Problem:
Below are records; the lines starting at the one with "- Shelves: 5" and ending at the one with "Brand NEW EURYTHMICS" must be reproduced exactly, both included. Pictures must not appear.

Data excerpts:

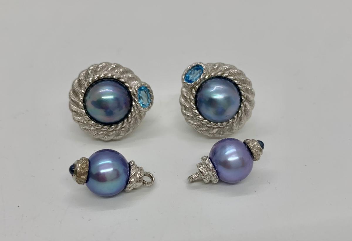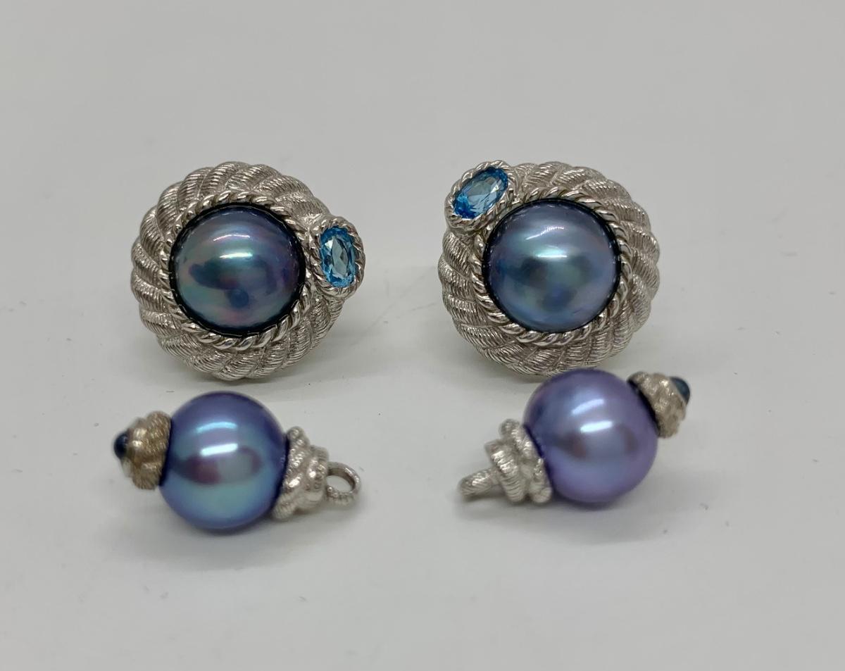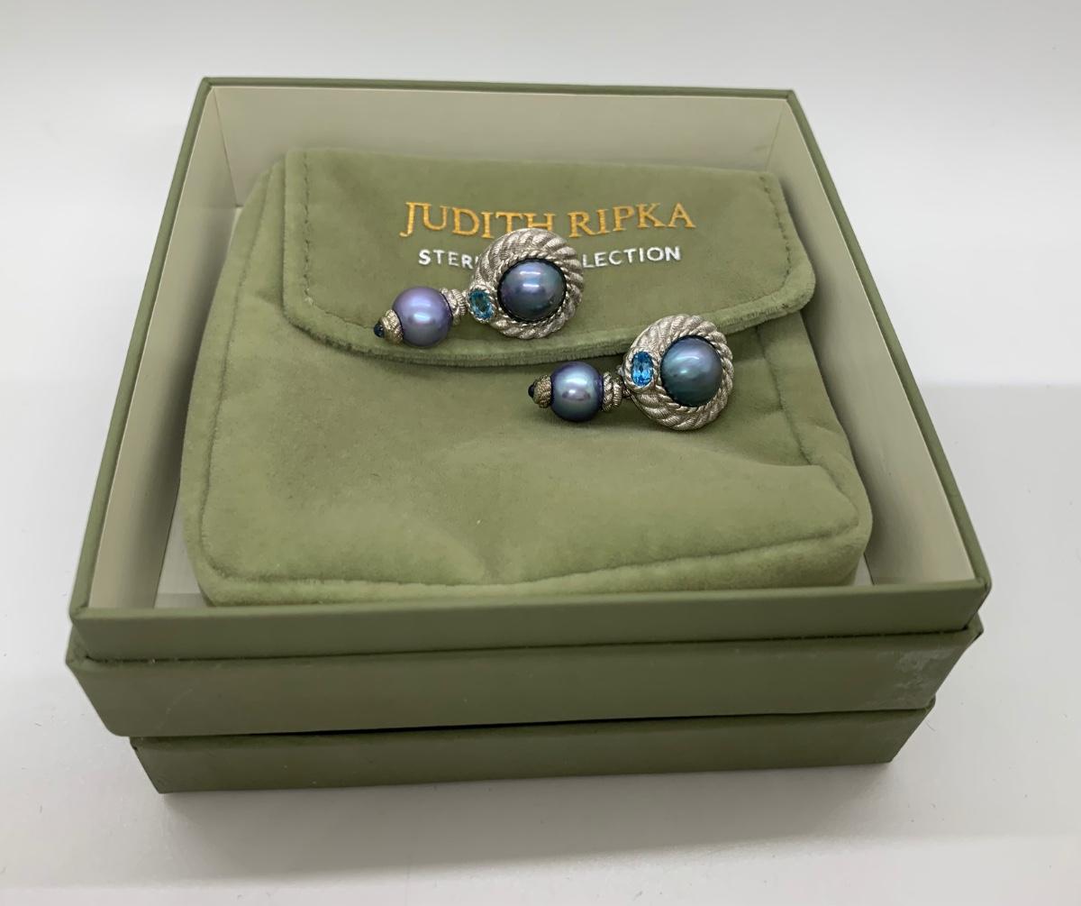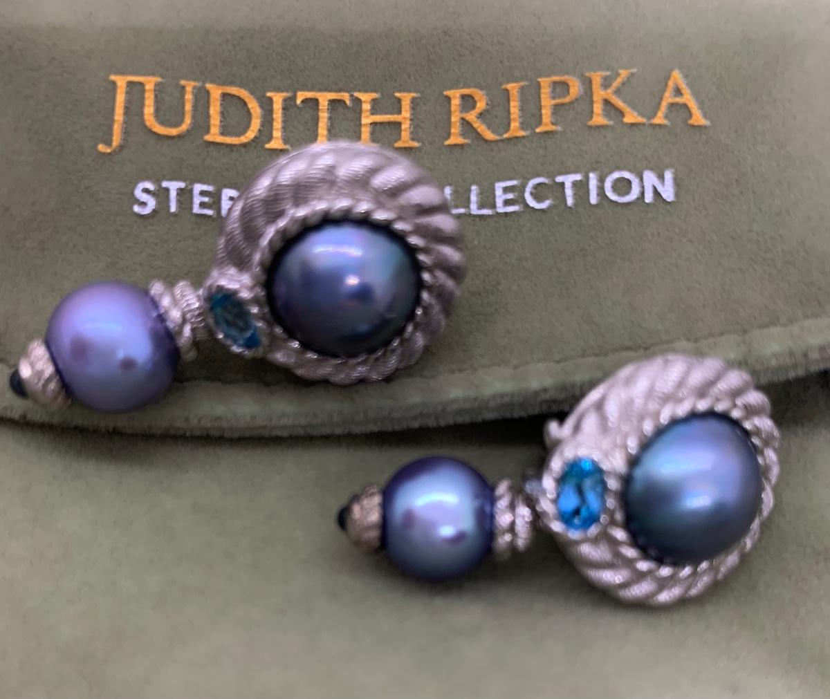 LOTJ62: New in Box Judith Ripka Cultured Mabe Pearl Pierced Earrings with Drop
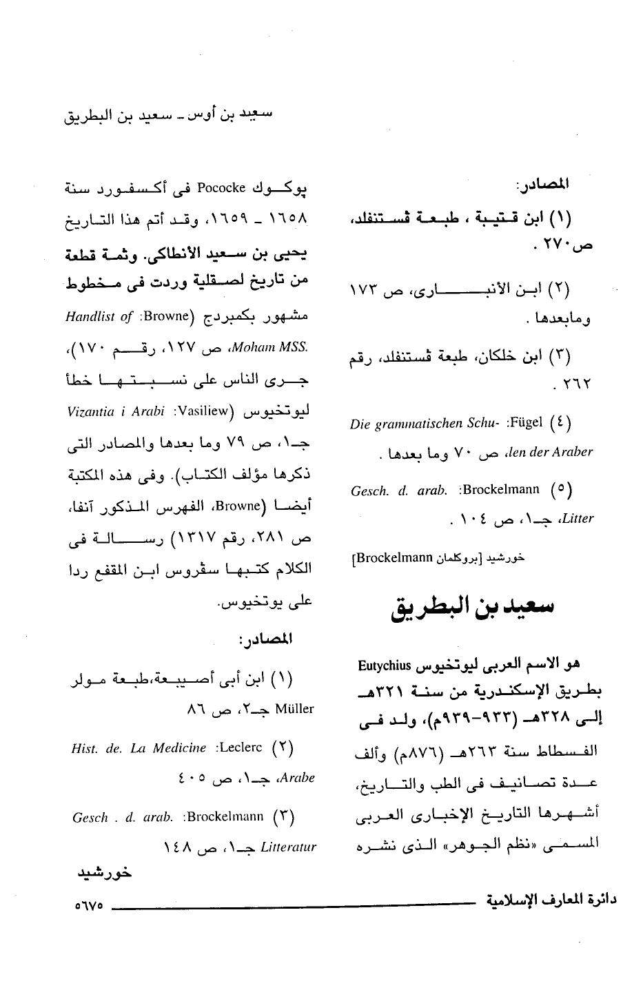 هو الاسم العربى ليوتخيوس Eutychius بطريق الإسكندرية من سنة 321 هـ إلى 328 هـ (939 - 933 م)، ولد فى الفسطاط سنة 263 هـ (876 م) وألف عدة تصانيف فى الطب والتاريخ، أشهرها التاريخ الإخبارى العربى المسمى "نظم الجوهر" الذى نشره بوكوك Pococke فى أكسفورد سنة 1658 - 1659، وقد أتم هذا التاريخ يحيى بن سعيد الأنطاكى. وثمة قطعة من تاريخ لصقلية وردت فى مخطوط مشهور بكمبردج (Handlist of Moham MSS: Browne، ص 127, رقم 170)، جرى الناس على نسبتها خطأ ليوتخيوس (Vizantia i Arabi: Vasiliew جـ 1، ص 79 وما بعدها والمصادر التى ذكرها مؤلف الكتاب). وفى هذه المكتبة أيضًا (Browne, الفهرس المذكور آنفا، ص 281, رقم 1317) رسالة فى الكلام كتبها سفروس ابن المقفع ردا على يوتخيوس.
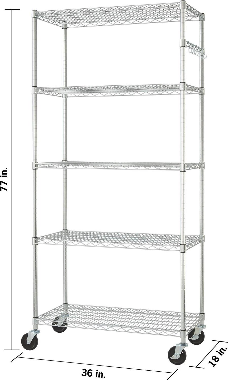 - Shelves: 5 commercial-grade 36″ x 18″ shelves
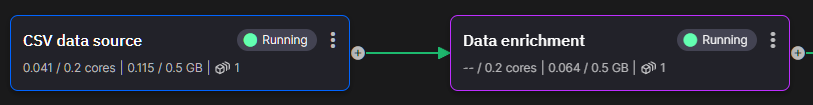 You should see the arrow between the “CSV Data source” deployment and the “Data enrichment” service turn green.
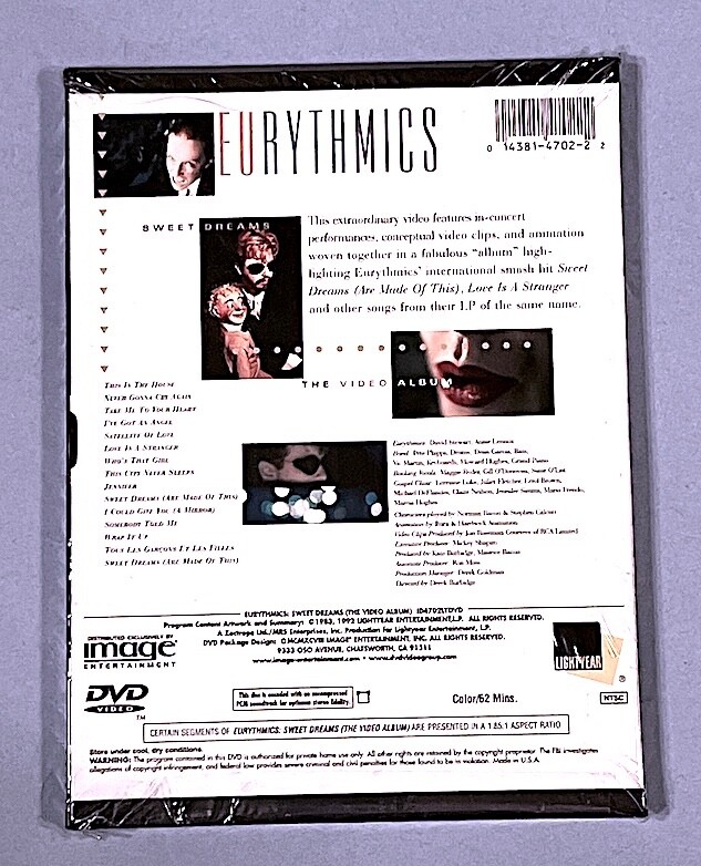 Brand NEW EURYTHMICS SWEET DREAMS Collection Annie Lennox, Dave Stewart DVD “D & A” (Dave and Annie) A stunning collection of their early hits, including: — SWEET DREAMS (Are Made of This) — WHO’S THAT GIRL — LOVE IS A STRANGER — WRAP IT UP — SATELLITE OF LOVE — I’VE GOT AN ANGEL — THE CITY THAT NEVER SLEEPS — plus Seven More! Absolutely brand new and sealed Please Note: DVD Discs are Region 1 for USA Returns accepted if unopened
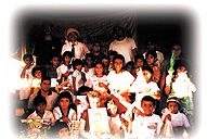 Nous nous sommes d'abord arrêté à San Juan del Gozo dans la province de Usulutan où nous avons visité le premier village éloigné au bord de la mer. Il y a deux ans, ce village a été complètement dévasté par le typhon Mitch, laissant les routes dans un piètre état (boueuses), et les villageois dans la pauvreté et la misère. Lorsque nous nous sommes rendus là-bas le 17 novembre pour sonder le terrain, nous leur avons apporté l'amour de Maître pour leurs enfants. Ils nous ont dit que la pauvreté les empêchait de bien s'occuper de leurs enfants et qu'ils n'avaient jamais fêté l'anniversaire des enfants ni Noël avec eux. En sachant qu'ils avaient besoin d'une pompe à eau, nous leur en avons acheté une en plus des biens de consommation nécessaires, tels que des vêtements, du lait en poudre, du riz, des fèves rouges, de l'huile, du sucre, de l'avoine, ainsi que plein de jouets, biscuits et bonbons. Nous avons livré la marchandise aux résidents le 14 novembre lorsque nous avons visité à nouveau leur village. Nous avons aussi organisé, avant le temps, une fête de Noël pour tous les enfants du village à laquelle plusieurs centaines d'enfants ont participé avec joie. Selon le conseil de village, certaines personnes les ont aussi aidés auparavant. Mais ils ne sont venus que pour jeter un coup d'œil et ont ensuite envoyé quelqu'un d'autre pour acheter les affaires. Ils ont été très émus parce que nous avons vraiment trouvé ce dont ils avaient besoin et nous leur avons livré personnellement notre amour dans leurs mains.
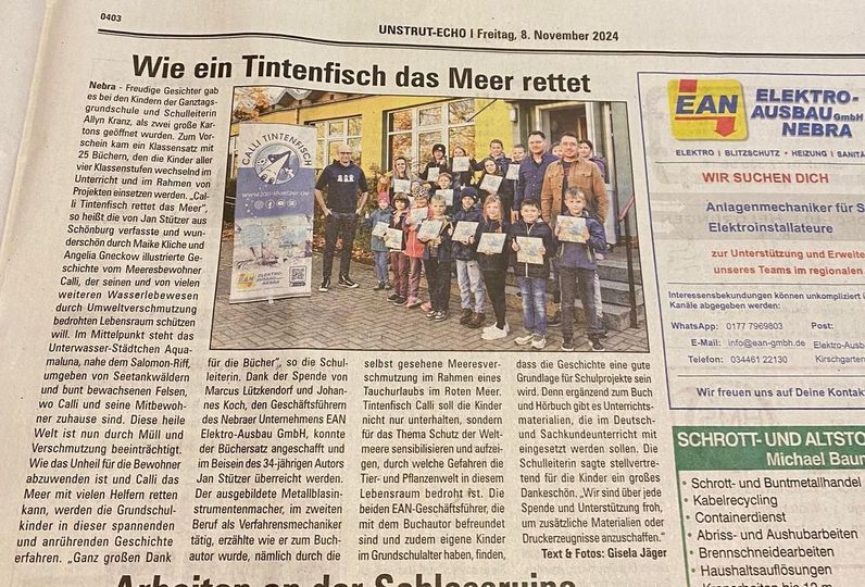 Ein Unternehmen erwirbt einen Klassensatz des Buchs „Calli Tintenfisch rettet das Meer“ und spendet es einer Grundschule, Bildungseinrichtung etc. seiner Wahl.

Response area:
 - Shelves: 5 commercial-grade 36″ x 18″ shelves
 You should see the arrow between the “CSV Data source” deployment and the “Data enrichment” service turn green.
 Brand NEW EURYTHMICS SWEET DREAMS Collection Annie Lennox, Dave Stewart DVD “D & A” (Dave and Annie) A stunning collection of their early hits, including: — SWEET DREAMS (Are Made of This) — WHO’S THAT GIRL — LOVE IS A STRANGER — WRAP IT UP — SATELLITE OF LOVE — I’VE GOT AN ANGEL — THE CITY THAT NEVER SLEEPS — plus Seven More! Absolutely brand new and sealed Please Note: DVD Discs are Region 1 for USA Returns accepted if unopened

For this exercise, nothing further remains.